The KMFTR system has been used since 1982. The Vitallium diaphyseal anchorage of the system is an intramedullary stem with two lateral flanges perpendicular to each other, each with three holes to allow passage of six screws through the stem and the cortex. The straight stem has a fully madreporic surface and is available with diameters between 10 and 16 mm in 2-mm increments. During surgery, the medullary cavity is reamed to accept the nearest sized stem as press fit. This then is stabilized with cross screws, using all six holes for fixation. This diaphyseal component is connected to the madreporic bone replacement component by a morse taper, allowing for a minimum resection length of 12 cm, increasing in increments of 2 cm. The tibial joint component consists of a stem in which two long flanges are molded against the tibia and retained by means of a bar bolt through the stem. The femoral joint component consists of a stem and a condylar surface and is fixed with two screws running dorsally through holes in the prosthesis. Stem and base plates have full madreporic coating. The prosthetic joint is a flexion and extension hinge with its center of rotation offset posteriorly and the metal components being linked by two polyethylene bushings.

All operations were done as described previously. 17–20,27

Three types of complications were found: (1) Prostheses failure: defined as the time when an implant had to be removed with the anchorage component because of aseptic loosening, implant fracture, or septic loosening; (2) Prostheses-related minor complication: bushing failure; wear of the polyethylene bushing was defined as clinical varus and valgus greater than 5°. In some patients with synovitis enhanced by bushing failure, revision surgeries included changes of other polyethylene parts and prostheses components, with the exception of the anchorage component. These revisions were minor surgeries with minimal blood loss, no additional bone resection, and short hospital stays. Full weightbearing was started on the first postoperative day; and (3) Reoperation without correction of any part of the prosthesis was defined as a nonprosthesis-related complication.

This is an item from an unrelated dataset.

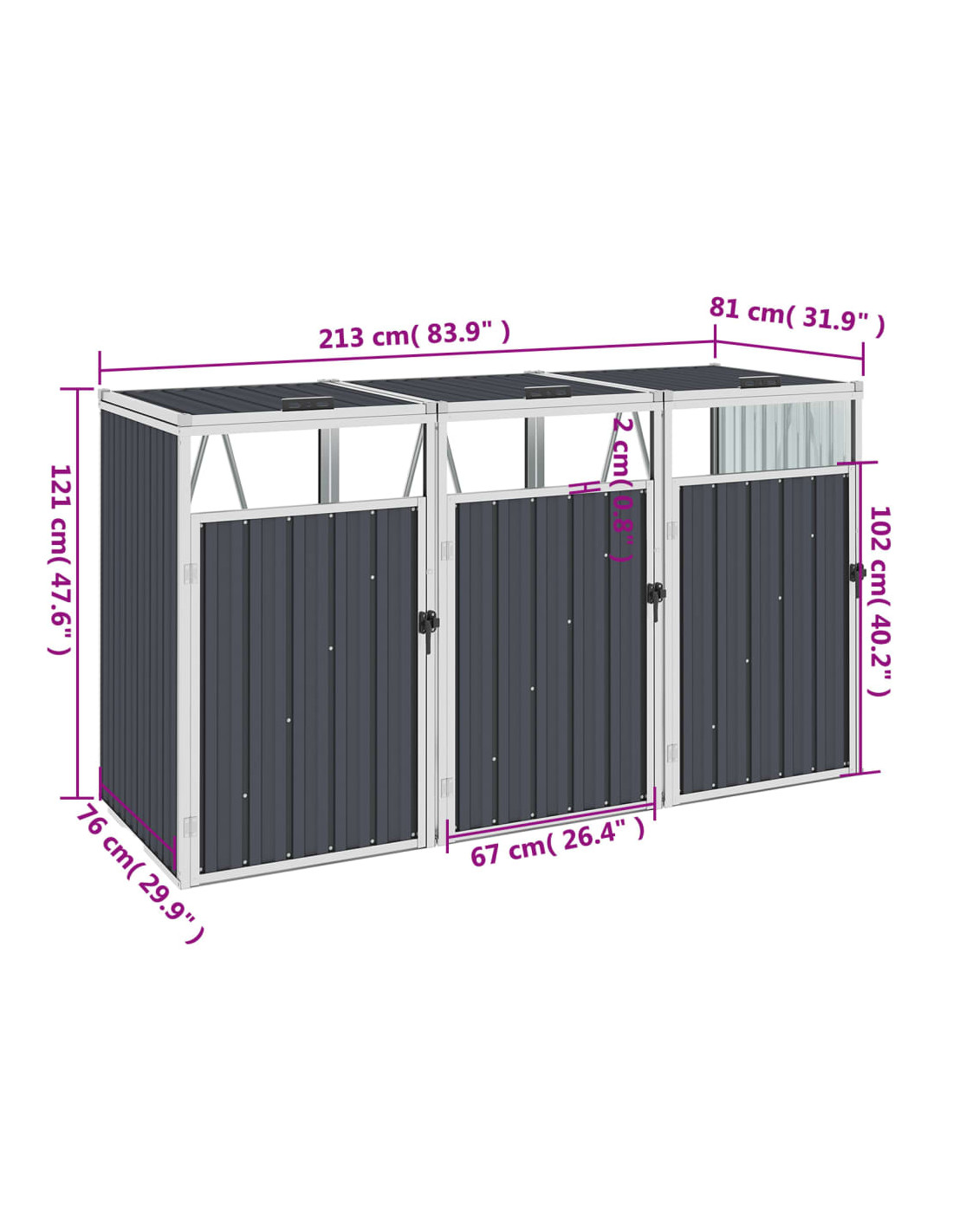 Questo copri bidone triplo è realizzato in robusto acciaio zincato, materiale che rende il prodotto molto robusto e di facile manutenzione. È dotato di tre porte apribili individualmente nella parte anteriore e maniglie delle porte in plastica nera. Grazie a queste caratteristiche i bidoni possono essere facilmente rimossi e svuotati. Il copri bidone doppio include tre coperchi sollevabili singolarmente che possono essere aperti per depositare facilmente i rifiuti.

In addition to the oncologic followup consisting of laboratory tests, CT scans of the lungs, abdominal sonography, and 99m Tc bone scan, plain radiographs were assessed according to the implant evaluation system of the International Symposium on Limb Salvage. 10 At final followup, function was evaluated according to the score of the Musculoskeletal Tumor Society. 8

Statistical Methods

Spearman’s rank correlation coefficient was used to assess associations between quantitative variables. Wilcoxon’s rank sum test was used to test group differences in quantitative variables. Survival probabilities were calculated by the product limit method of Kaplan and Meier. 14 The Cox proportional hazards model 6 was used to assess the univariate effects of prognostic factors on survival time. All reported p values are results of two-sided tests. A p value of 5% or less was considered statistically significant. The SAS statistical software system (SAS Institute Inc, Cary, NC) was used for calculations.

RESULTS

At final followup, 51 patients had died, mainly patients with metastatic disease. Most of the patients died soon after the initial surgery (median, 15.6 months; range, 1–91 months). In five of these patients, bone cement was used in the initial surgery. In these 51 patients, five dislocations of the proximal femoral prostheses and two nerve palsies were treated conservatively. In two patients, the bushings were changed and two contractures of the knee were treated. Three patients had a local recurrence (two patients with metastases, one patient with fibrosarcoma), and two patients underwent amputation of a limb. In one patient, the reason for amputation was local recurrence of a tumor with multiple metastases, and the other patient had an infection of the prosthesis with generalized sepsis. Both patients died of their disease within 2 and 7 months, respectively, after the amputation.

Eight patients from foreign countries who where treated surgically by the authors were lost to followup.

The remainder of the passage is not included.